Extracting Provenance Text with Tesseract OCR

Operational Context

Museum digitization teams routinely ingest high-resolution TIFFs and multi-page PDFs from accession ledgers, donor correspondence, and provenance cards. The operational objective is to extract structured provenance strings for direct synchronization into collection management systems. Legacy workflows rely on ad-hoc OCR calls that produce fragmented output. Modern pipelines require deterministic, memory-bounded extraction engines. Validated JSON payloads must align with institutional metadata standards before ingestion. This guide replaces heuristic scraping with a production-grade architecture.

flowchart LR
    Img["Provenance card<br/>TIFF"] --> Pre["1 · Preprocess<br/>threshold · deskew"]
    Pre --> Tess["2 · Tesseract<br/>PSM 6"]
    Tess --> Batch["3 · Memory-bounded<br/>batch"]
    Batch --> Val["4 · Validate<br/>ProvenanceRecord"]
    Val --> IIIF["5 · IIIF manifest<br/>+ CMS sync"]

Root Cause Analysis

Default Tesseract configurations target modern, high-contrast, single-column documents. Archival provenance materials violate core LSTM engine assumptions. Cascading failures emerge across four primary vectors.

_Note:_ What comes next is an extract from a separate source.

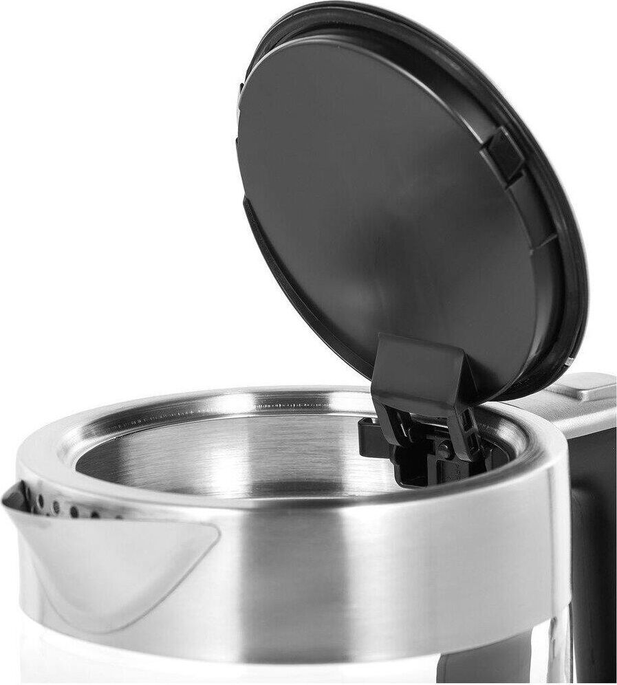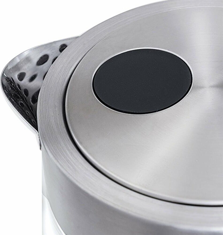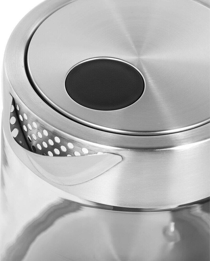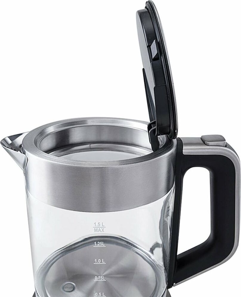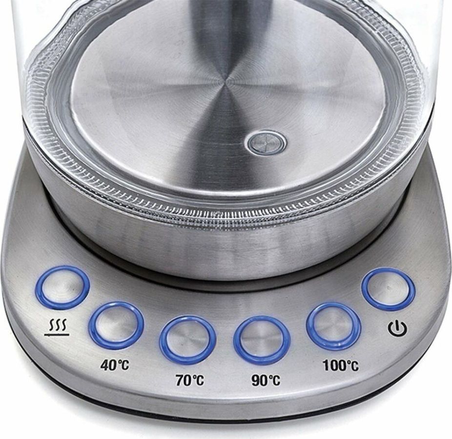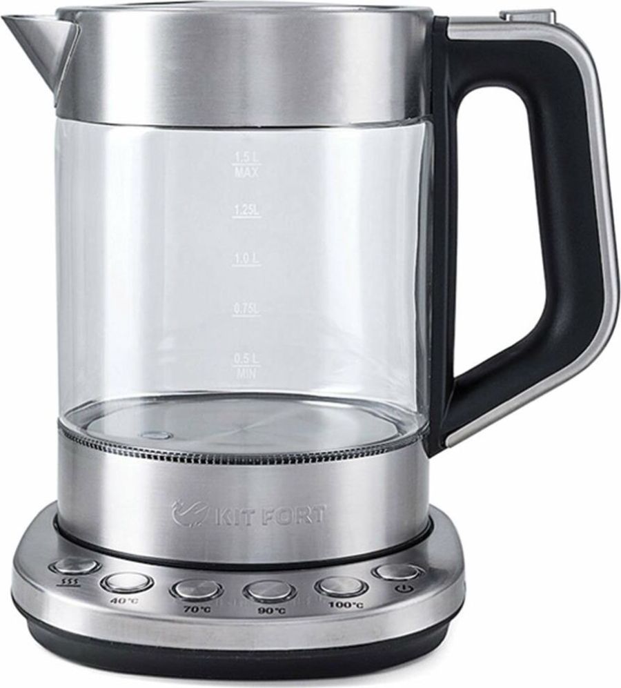 Мощность 2200 Вт. Максимальный объем 1.5 л. Нагревательный элемент скрытый. Индикатор включения есть. Индикатор уровня воды есть. Автоматическое отключение есть. Регулировка температуры нагрева есть. Температурные режимы 4 шт. Звуковой сигнал при закипании есть. Материал корпуса нержавеющая сталь/стекло. Цвет серебристый.

Page Segmentation Mode (PSM) mismatches cause structural fragmentation. Provenance cards contain mixed orientations, marginalia, and institutional stamps. The default --psm 3 forces a rigid grid layout. Text blocks interleave with stamp overlays, destroying reading order.

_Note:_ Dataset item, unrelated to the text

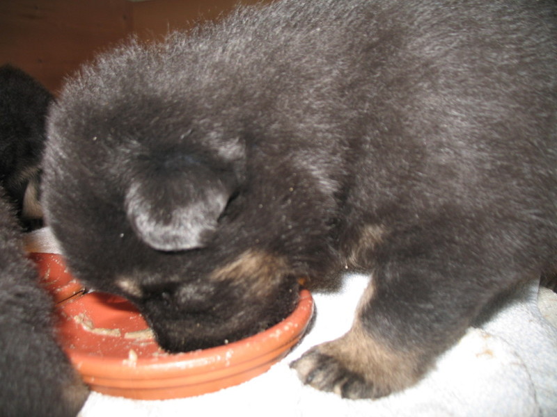 festere Nahrung. Falco hat heute 2,5kg auf die Waage gebracht. Die beiden Hündinnen haben jede exakt 2,22kg.

Insufficient preprocessing pipelines degrade contour detection. Faded iron-gall ink and yellowed paper lack binary contrast. Without adaptive thresholding and morphological noise removal, ligatures and diacritics fail recognition.

Subprocess memory bloat destabilizes batch execution. pytesseract spawns independent CLI processes per image. High-DPI TIFFs accumulate orphaned workers. Shared ingestion servers trigger OOM kills under concurrent load.

Unvalidated output ingestion corrupts downstream sync queues. Raw OCR strings bypass schema enforcement. Malformed dates and restricted PII propagate into CMS records. This breaks Automated Record Ingestion & Sync Workflows and forces manual reconciliation.

Step 1: Deterministic Image Preprocessing

Archival extraction requires adaptive normalization before engine invocation. OpenCV provides deterministic binarization and geometric correction. The pipeline must isolate text regions while suppressing background degradation.

python

import cv2
import numpy as np
from pathlib import Path

def preprocess_provenance_image(image_path: Path) -> np.ndarray:
    img = cv2.imread(str(image_path), cv2.IMREAD_GRAYSCALE)
    if img is None:
        raise ValueError("Invalid image path or unsupported format")

    # Adaptive thresholding for uneven illumination
    binary = cv2.adaptiveThreshold(
        img, 255, cv2.ADAPTIVE_THRESH_GAUSSIAN_C, cv2.THRESH_BINARY, 11, 2
    )

    # Morphological noise removal
    kernel = cv2.getStructuringElement(cv2.MORPH_RECT, (2, 2))
    denoised = cv2.morphologyEx(binary, cv2.MORPH_OPEN, kernel)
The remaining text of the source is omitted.